My JDs were very skiddish when by they were by them selves in the tank. I tried putting in Giant Danios but they killed them within a few hours (I have no idea how they caught them) I finally put a couple of convicts in with them and it did wonders. They won't fight the convicts because they fight back and it encourages them to come out. But with a 55gal I'm not sure you could pull that off. If you could probably get older danios that are already too big to be eaten.


----------



## bernie comeau (Feb 19, 2007)

jeaninel said:


> dithers


I think about all you can do, is add some more fish. Tiger barbs or giant danios can perform the dither role quite well......though there is a good chance they may get eaten or killed.

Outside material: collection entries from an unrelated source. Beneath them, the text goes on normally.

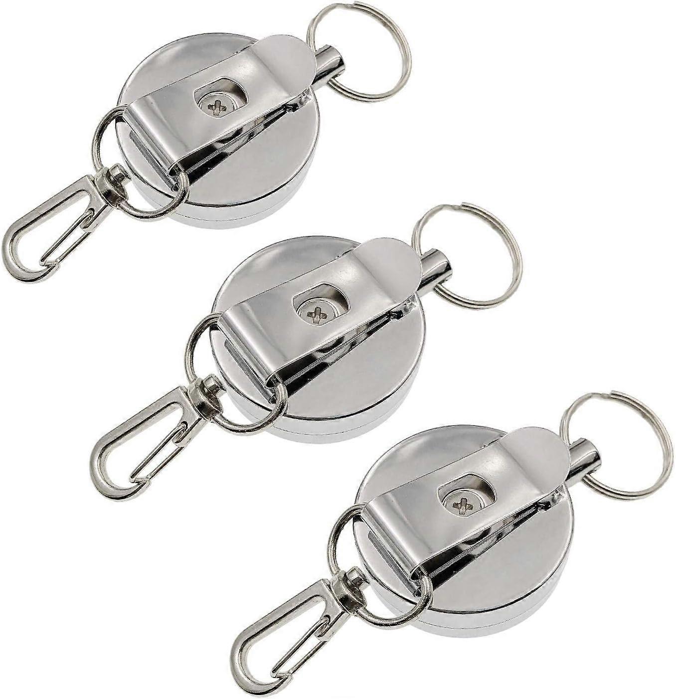 3 x Retractable Key Chains with Belt Clip and Steel Reel Chain, Retractable Badge Holder Clip, Key Holder Clip Holder
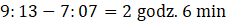 W tym zadaniu musisz obliczyć różnicę między godziną 7:07 a 9:13.
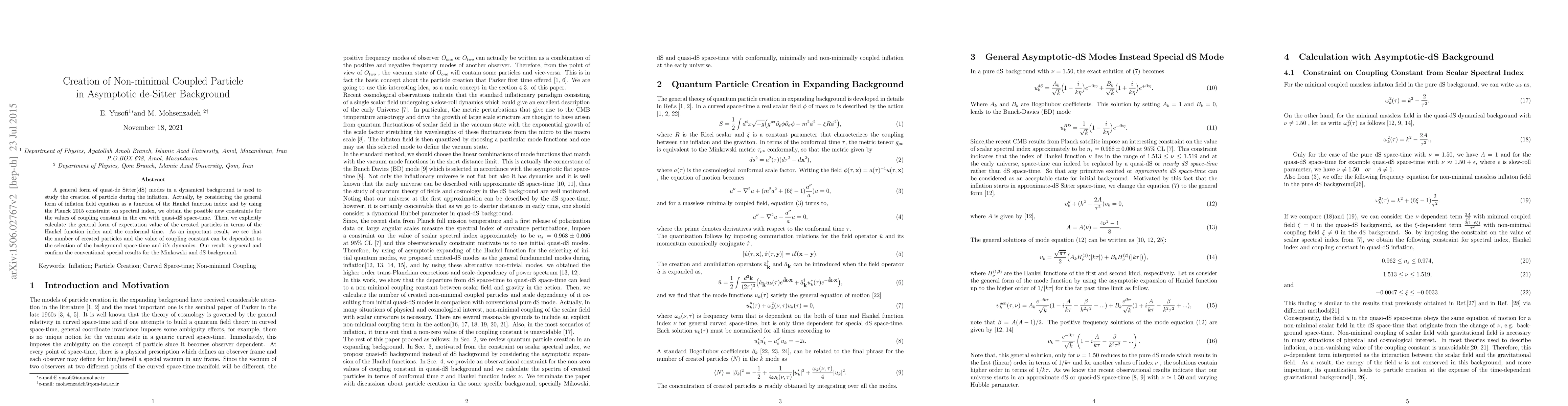 A general form of quasi-de Sitter(dS) modes in a dynamical background is used to study the creation of particle during the inflation. Actually, by considering the general form of inflaton field equation as a function of the Hankel function index and by using the Planck 2015 constraint on spectral index, we obtain the possible new constraints for the values of coupling constant in the era with quasi-dS space-time. Then, we explicitly calculate the general form of expectation value of the created particles in terms of the Hankel function index and the conformal time. As an important result, we see that the number of created particles and the value of coupling constant can be dependent to the selection of the background space-time and it's dynamics. Our result is general and confirm the conventional special results for the Minkowski and dS background.
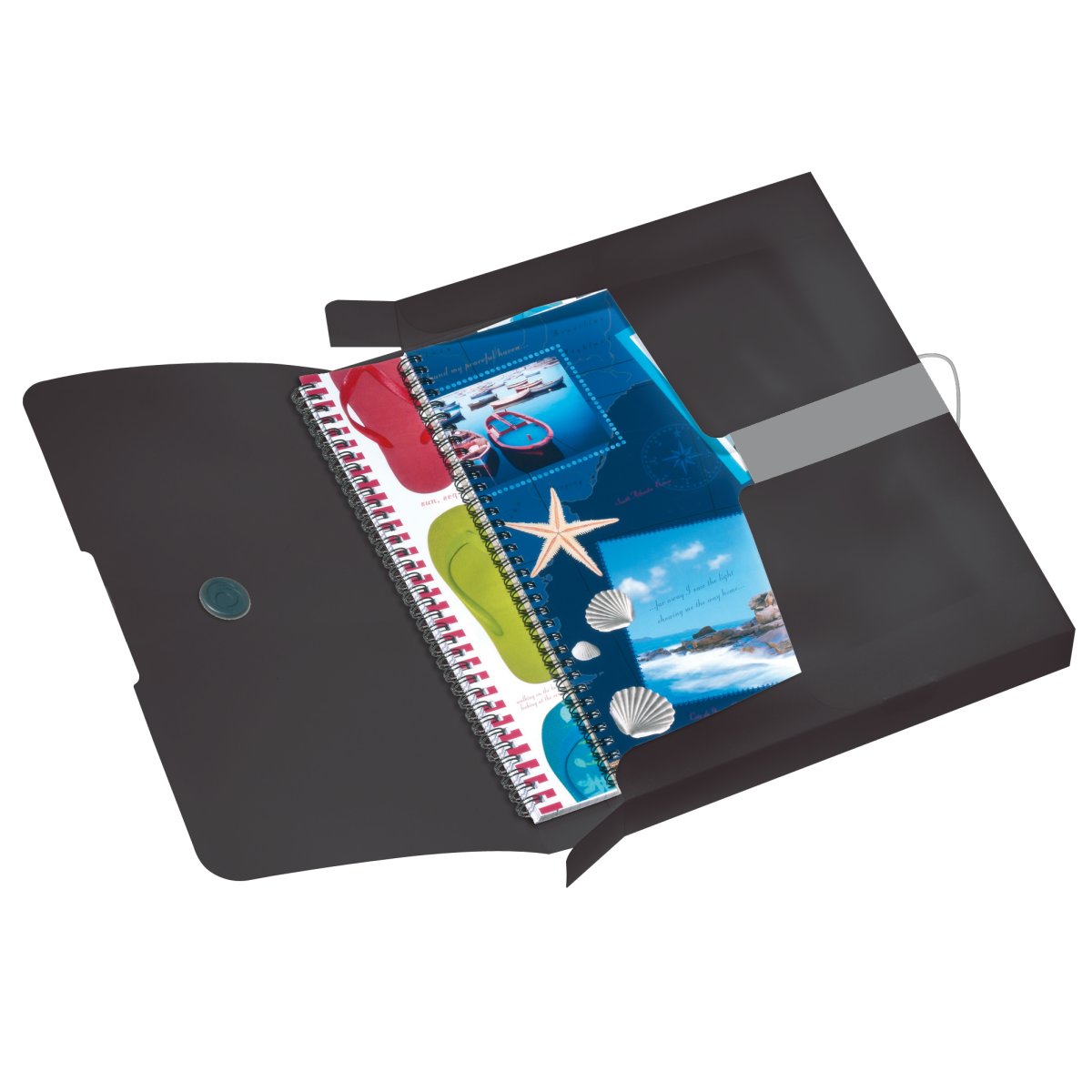 PP-foil with design-print spine width 4cm, elastic cord,round with whirl button self adhesive spine label opaque black 1 piece |
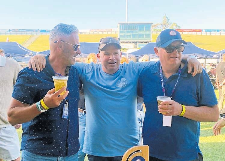 p Adam Booth celebrated the brewery’s win with Fritter Festival 2024 judges Dave Sinclair (left) and Al Brown (right)

I have a male jewel in my 29 gal. that is often quite sacared, for no appaernat reason. He's been that way since i removed him from my 180 gal. and placed him into the 29 gal., because he was no longer able to defend himself from the male CA in the 180 gal. tank. Anyways, I moved 3 young mbuna out of the 29 gal., and this jewel went completely "stupid". Couldn't even tip- toe into the room with out him running into the glass :x Worst case of the 'heebee-jeebees' i've ever seen. The rest of the tank, as well, followed his lead and was often quite scared. I was going to buy a group of paradise fish to calm him down.....but the fish is not that available around here anymore. Over a month went by and i finally addressed this unhealthy problem, and purchased 5 blue gouramis. The tank is 1000 X better with with the new 'dithers'.


----------



## Aquatic Aggression (Sep 26, 2011)

Try some floating plants. It may sound a little cruel but remove some of the items he hides behind.


----------